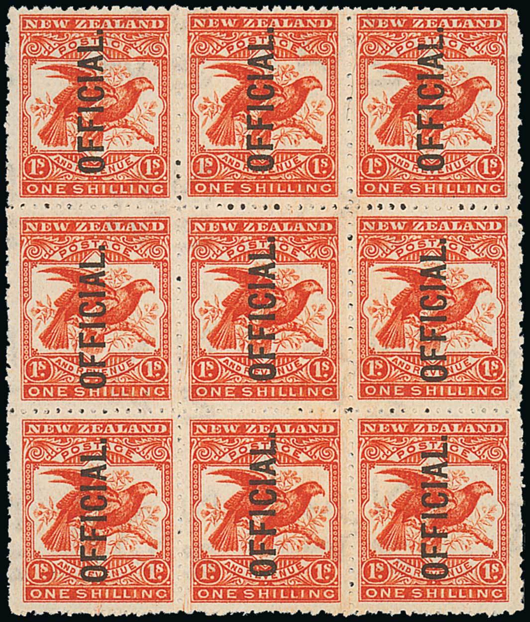 1/- orange-red Kea and Kaka block of nine (3x3), fine unmounted mint and scarce. S.G. O65, £990, EO18e, $8,775. Photo
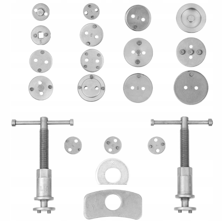 21 шт. оснащен дисковыми тормозами. Ручка оснащена магнитным наконечником, благодаря которой она поддерживает тарелку, которая соответствует данному поршню на оси. Набор предназначен для каждого автомобильного семинара, где он помогает ускорить обслуживание тормозных систем
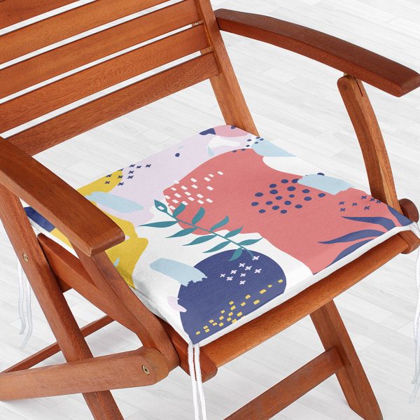 Renkli Zemin Üzerinde Beyaz Çiçek Desenli Dijital Baskılı Modern Fermuarlı Sandalye Minderi
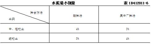 6. 水泥剂量水泥剂量应通过配合比设计试验确定,但设计水泥剂量宜按配合试验确定的剂量增加0.5%~1%,对集中厂拌法宜增加0.5%,对路拌法宜增加1%.当水泥稳定中、粗粒土做基层时,应控制水泥剂量不超过6%.水泥的最小剂量应符合表1B412011-6的规定。
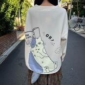 :ネコプリント+尻尾モチーフスウェット(440110)
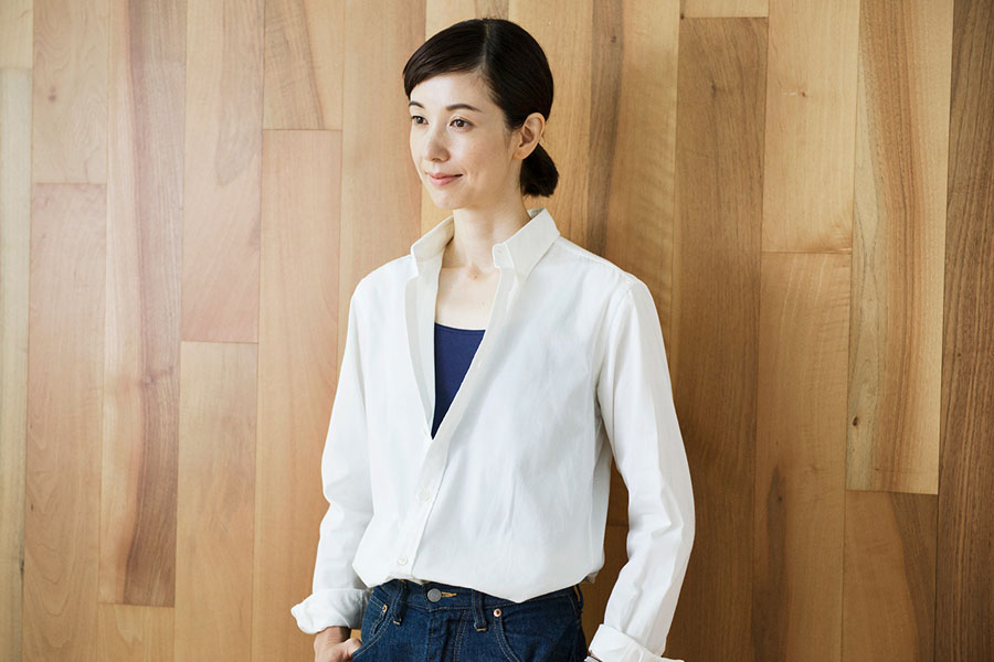 濃い色を着たほうが、白いシャツを上に着たとき、
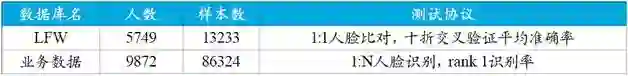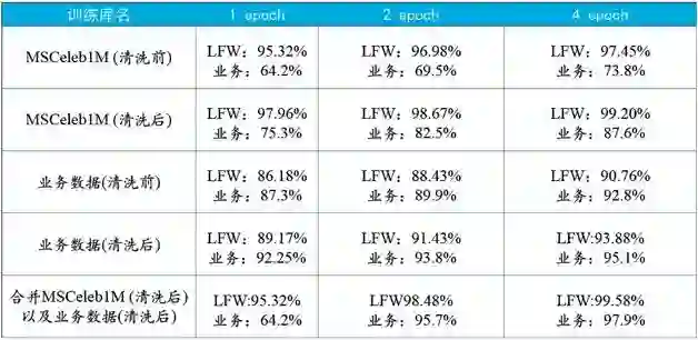 表2给出了本文用到的训练数据集,其中前3个是当前最主流的公开训练数据集,最后一个为私有业务数据集。表3出给了性能验证的两个数据集及测试协议,其中LFW是目前最主流的非受限人脸识别公开竞赛。我们注意到,大多数训练集都有较大噪声,如果不进行相应清洗操作,则训练会较难收敛。本文给出了一种快速可靠的数据清洗方法,如表4所示。
◆ ◆ ◆
Task description: Give again, unchanged, only the lines from the line containing "6. 水泥剂量水泥剂量应通过" to the last line of the records above. Pictures do not belong in the copy.

Your response:
 6. 水泥剂量水泥剂量应通过配合比设计试验确定,但设计水泥剂量宜按配合试验确定的剂量增加0.5%~1%,对集中厂拌法宜增加0.5%,对路拌法宜增加1%.当水泥稳定中、粗粒土做基层时,应控制水泥剂量不超过6%.水泥的最小剂量应符合表1B412011-6的规定。
 :ネコプリント+尻尾モチーフスウェット(440110)
 濃い色を着たほうが、白いシャツを上に着たとき、
 表2给出了本文用到的训练数据集,其中前3个是当前最主流的公开训练数据集,最后一个为私有业务数据集。表3出给了性能验证的两个数据集及测试协议,其中LFW是目前最主流的非受限人脸识别公开竞赛。我们注意到,大多数训练集都有较大噪声,如果不进行相应清洗操作,则训练会较难收敛。本文给出了一种快速可靠的数据清洗方法,如表4所示。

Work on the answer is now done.